维克多的动作顿了顿,心里像被针扎一样疼。
可他知道不能停,只能咬着牙,继续用力。
西蒙德却还有心情开玩笑,
“维克多,你是在担心我吗?”
箭已经拔出了大半,只剩下最后的一小段还嵌在皮肉里。
维克多的额头上布满了冷汗,顺着下颚滑落。
他的手还在颤抖,却不敢停下,只能哑着嗓子反问,
“你希望我关心你吗?”
他的头微微抬起,看见西蒙德碧绿的眼眸里像是蒙着一层水汽,看起来格外脆弱。
长长的睫毛上沾着细小的水珠,不知是汗还是别的。
西蒙德从喉咙间发出一声低沉而肯定的“嗯”。
那声音因为忍痛而带着磁性的震颤,敲在维克多的心弦上。
“当然,”
西蒙德的声音轻得像耳语,
“除了你,我还能指望谁?”
维克多的心像是被什么东西填满了,柔软得一塌糊涂。
他能清晰地感受到对方声音里的隐忍,也不再犹豫。
深吸一口气,指尖用力,将那支箭彻底拔了出来。
随着箭矢离体,鲜血随之涌出。
而同一时间,西蒙德庞大的兽形如同幻影消散,重新化为了那个黑发碧眼的青年。
他脸色苍白,腰侧那个对应的伤口依旧在渗血,染红了他的衣衫。
西蒙德伸出手,虚弱地抓住维克多的手腕。
指尖冰凉,带着一丝颤抖,指甲轻轻刮过对方的皮肤,留下几道浅红的痕迹。
“别动。
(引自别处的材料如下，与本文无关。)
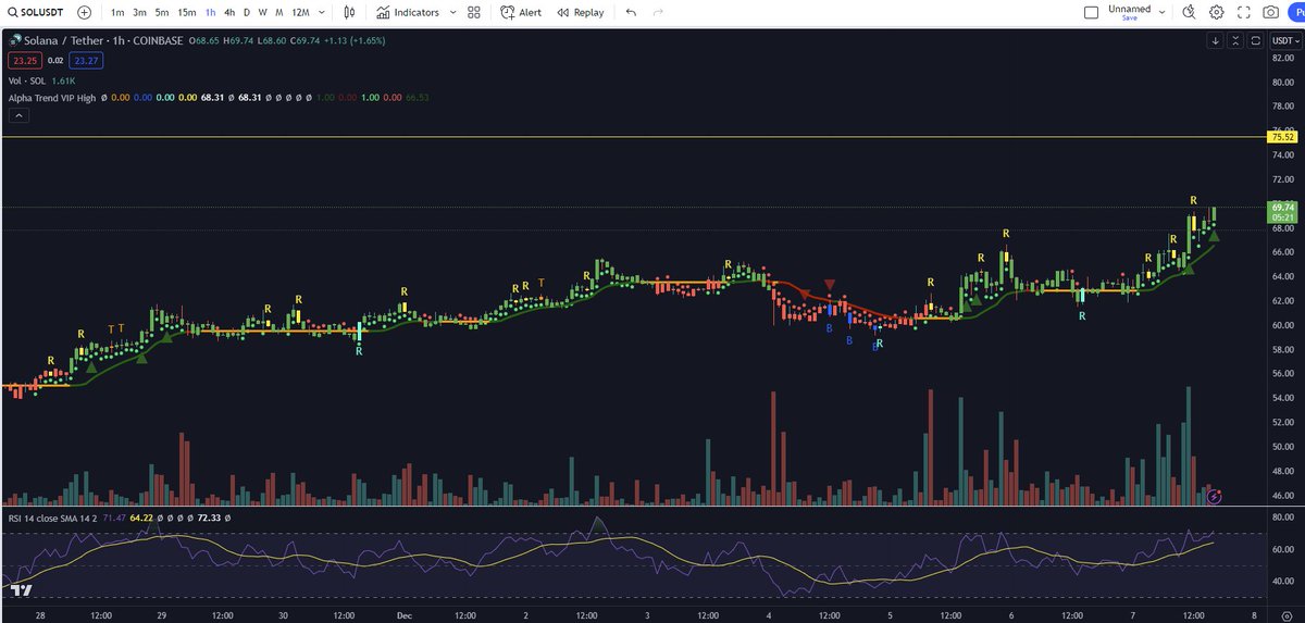 [{'ticker': '$SOL', 'exchanges': ['binance', 'kucoin'], 'price': '71.08', 'percentage_change': '+12.42%', '4h_ta_result': 'BUY', '4h_ta_details': '14 buy, 7 hold, 5 sell', '1d_ta_result': 'STRONG_BUY', '1d_ta_details': '17 buy, 9 hold, 0 sell'}]
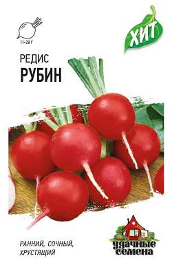 Редис Рубин. Раннеспелый (26-28 дней от всходов до технической спелости) сорт. Розетка полураскидистая. Корнеплод красно-малиновый, округлый, диаметром 3,2-4,5 см, с гладкой поверхностью. Почти полностью погружен в почву. Мякоть белая или бело-розовая, плотная, сочная, сладкая, слабо острого вкуса. Масса корнеплода 11-28 г. Ценность сорта: дружная отдача урожая, отличные вкусовые качества. Рекомендуется для выращивания в открытом и защищенном грунте. Урожайность 1,2-2,3 кг/м2. Выращивают прямым посевом в открытый грунт на глубину 1-2 см.
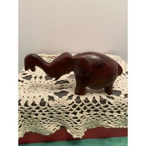Folk Art Elephant Statue Primitive Animal Figurine Brown Hand Carved Dark Wood
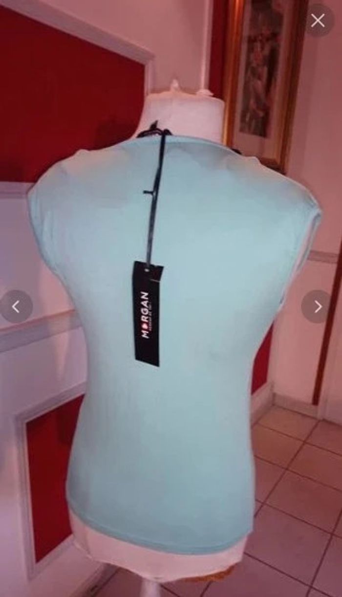 Top t shirt haut d'été neuf t 34 36 bleu clair morgan - photo numéro 4
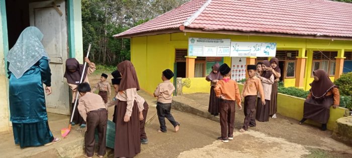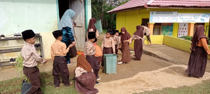 Seluruh siswa kelas 2 Madrasah Ibtidaiyah Negeri (MIN) 1 Tebo menunjukkan kekompakan dalam menjaga kebersihan lingkungan madrasah. Kegiatan membersihkan lingkungan ini menjadi kewajiban bagi seluruh warga MIN 1 Tebo dan rutin dilakukan untuk menciptakan suasana belajar yang nyaman dan sehat. Aksi bersih-bersih ini dilaksanakan setelah para siswa mengikuti pelaksanaan sumatif akhir semester pada hari keenam di lingkungan madrasah. Para siswa kelas 2 ini membersihkan lingkungan kelasnya dipandu langsung oleh wali kelas Ibu Ida Purwanti, S.Pd.I
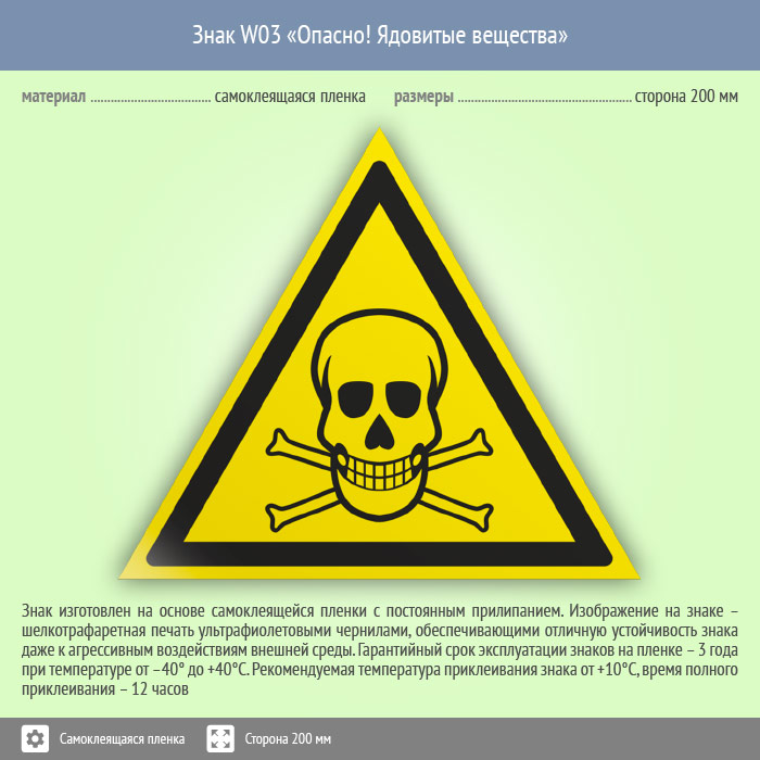 Знак W03 «Опасно! ядовитые вещества» (пленка, сторона 200 мм) в Краснодаре купить

”
维克多连忙跪下身,抱住了对方,就要查看西蒙德的伤口。
但是西蒙德偏不让他看,攥紧他的手。
维克多有些着急,视线落在西蒙德的眼睛里。
那里映着自己的身影,清晰而滚烫,像要烧进对方的眼底。
西蒙德的眼皮轻轻颤抖着,像是随时都会闭上,他拉了拉维克多的手腕,让他更靠近自己一些。
“那天分别……你亲我的额头,说欠我什么?”
他的声音断断续续,带着浓重的鼻音,看起来随时都会昏迷过去。
但是他另一只手抬起,指尖轻轻划过维克多的脸颊,像是在确认什么。
从眉骨到颧骨,再到唇角,动作缓慢而缠绵。
维克多的心被他这“临终”的追问搅得又痛又乱。
他看着西蒙德苍白的脸,眼泪终于无法抑制地滑落,滴在西蒙德的手背上,滚烫。
“我……”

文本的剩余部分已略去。